Das hat nicht nur den Verlust des startbaren Betriebssystems, sondern aller Daten auf dem betreffenden Laufwerk zur Folge. Es ist also auch keine Datenrettung von dem Laufwerk mehr möglich, indem man es als zweite Platte oder per USB-Festplattenadapter an einen anderen PC anschließt.

So schützen Sie sich vor Rombertik

Bislang gibt es keine spezielle „Anti-Rombertik“-Software. Die Frage ist auch, ob dies angesichts des Harakiri-Verhaltes dieser Malware wirklich sinnvoll ist, denn es ist ja neunmal traurige Wahrheit, dass die überwiegende Zahl der PC-Nutzer nicht über ein Backup wenigstens der wichtigsten Daten verfügt. Im Falle von Rombertik ist Prävention daher die sicherste Maßnahme, bis es z. B. über eine Live-CD und damit einen von der Festplatte unabhängigen PC-Start möglich ist, Rombertik zu entfernen. Aktuell sind diese Maßnahmen wichtig:

  • Der Infektionsweg per E-Mail macht es erforderlich, dass Sie alle neuen Nachrichten extrem skeptisch prüfen. Ob der Absender nun angeblich Microsoft, DHL, PayPal, eBay oder Ihre Krankenversicherung ist, gehen Sie davon aus, dass es sich nahezu immer um einen Betrugsversuch handelt. Maßnahme: Sofortiges Löschen der Mail.

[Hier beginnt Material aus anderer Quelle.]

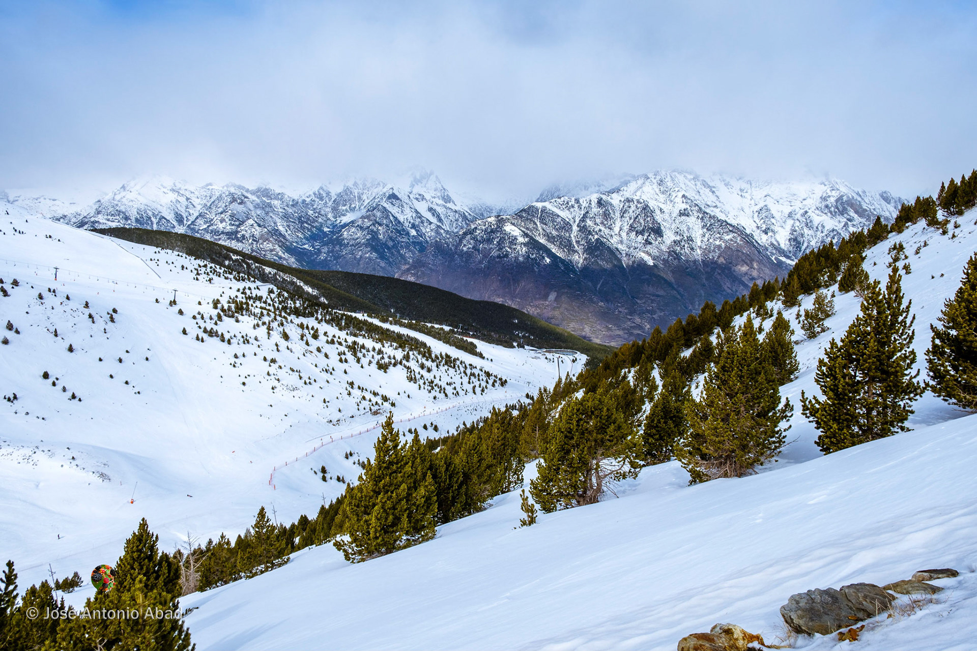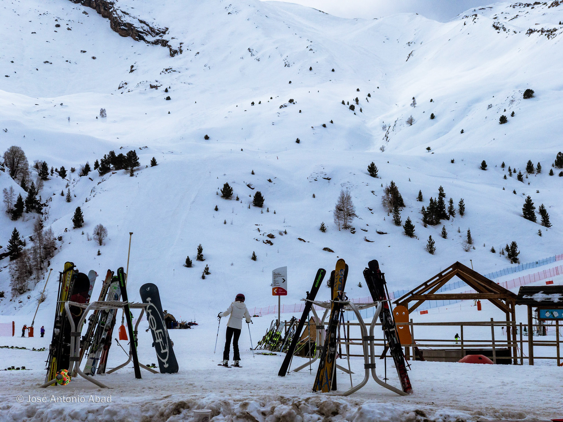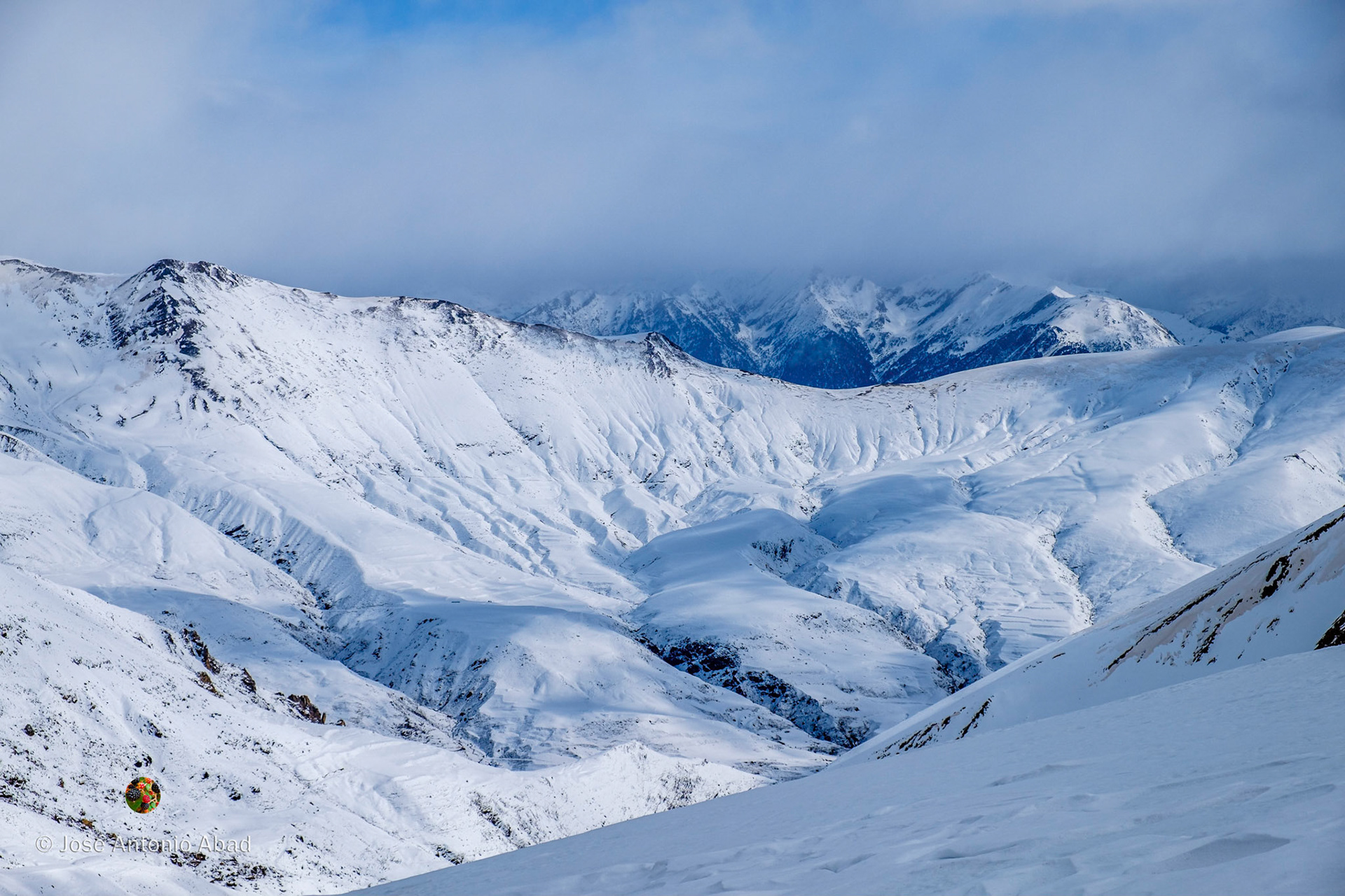 A la tercera va la vencida, al fin disfrutamos de un día de esquí. Comenzó despejado y fue cambiando constantemente, alternando en cada bajada cualquier combinación de nieve, nubes y sol tomadas de dos en dos.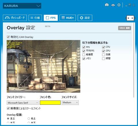 フル画面でのゲームプレイ時に各種PCステータスを表示出来ます。

  • Haben Sie zur Kontrolle eine Mail geöffnet und stoßen auf Rechtschreibfehler, eine ungewöhnliche grafische Darstellung oder gar einen unerwarteten Anhang, ist höchste Alarmstufe. Rombertik tarnt sich derzeit als angeblicher Anhang im PDF-Dokumentenformat, dies ist jedoch sicher nur ein erster Türöffner-Versuch. Löschen Sie die Mails sofort, insbesondere, öffnen Sie keinen Link.

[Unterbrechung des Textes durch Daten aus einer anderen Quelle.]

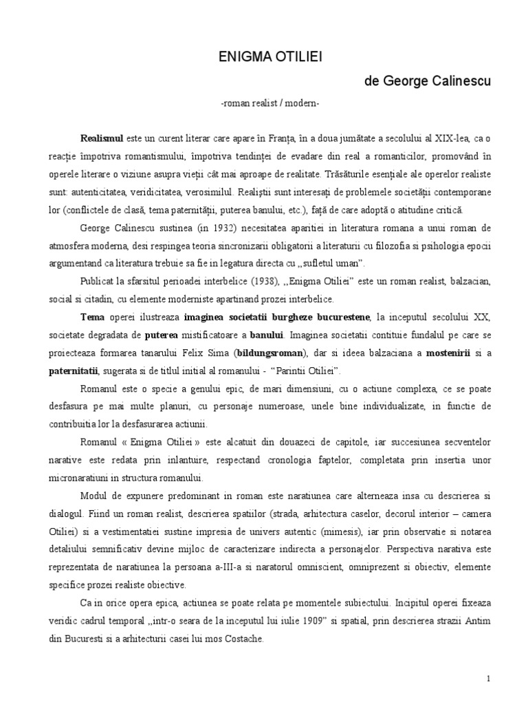 Doc Enigma Otiliei Calinescu Andreea M Academia Edu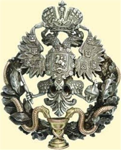 Imperial Military Medical Academy; breast badge with screw back, silver, snakes and goblet gold, multipart construction of solid cast parts, Old Russian hallmarks ("84 Archangelsk 1880-1890); screw, small normal nut. Interesting version, very fine obverse but crude reverse. Signs of wearing. (A.-W. 74, Patr.I/1.1.35)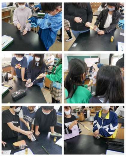 6年生は、理科の実験で気体検知管を使って、ものを燃やす前と後で、酸素と二酸化炭素の割合がどのように変化するのかを調べました。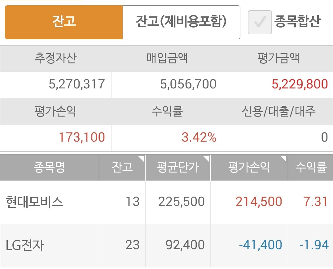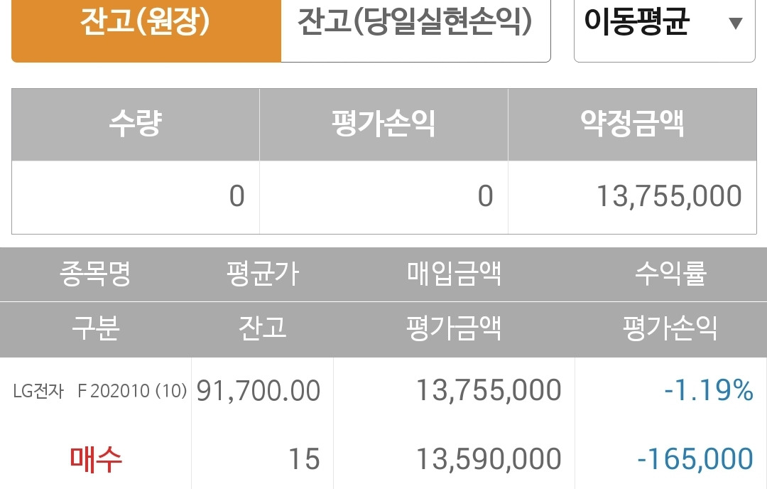 사진 2. 선물 주식. LG전자에만 몽땅 투자. 그리고 손실 중

  • Sofern der Rechner nicht mit einem Anti-Viren-Programm geschützt ist, sollten Sie dies nun unbedingt nachholen. Ansonsten sollten Sie prüfen, ob Ihr eingesetztes Anti-Malware-Programm aktuell ist. Zur Sicherheit sei an dieser Stelle grundsätzlich angemerkt: Ein kostenloses AV-Programm ist besser als keines, aber hochwertigen Schutz bieten Ihnen nur die kommerziellen Vollversionen.

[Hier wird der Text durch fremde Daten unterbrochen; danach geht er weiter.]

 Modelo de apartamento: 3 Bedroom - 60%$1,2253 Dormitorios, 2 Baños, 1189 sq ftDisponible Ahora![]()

  • Wenn Sie Verdachtsmomente hegen, dass Rombertik auf Ihrem Rechner aktiv sein könnte, gibt es eine Möglichkeit, dies zu prüfen. Führen Sie die Tastenkombination [Strg] [Alt] [Entf] aus und öffnen den Windows Task-Manager. Dort kontrollieren Sie im Register „Prozesse“, ob sich dort ein Prozess namens „yfoye.exe“ findet. Ist dies der Fall, führen Sie sofort eine Datensicherung der ungesicherten Daten durch und nutzen keine Dienste mehr, bei denen Sie Passwörter etc. eingeben müssen. Wenden Sie sich im Zweifelsfall an einen Fachmann, ehe Rombertik Ihrer Windows-Installation bzw. dem Zugriff auf Festplatte bzw. Festplattenpartition C: den Garaus macht.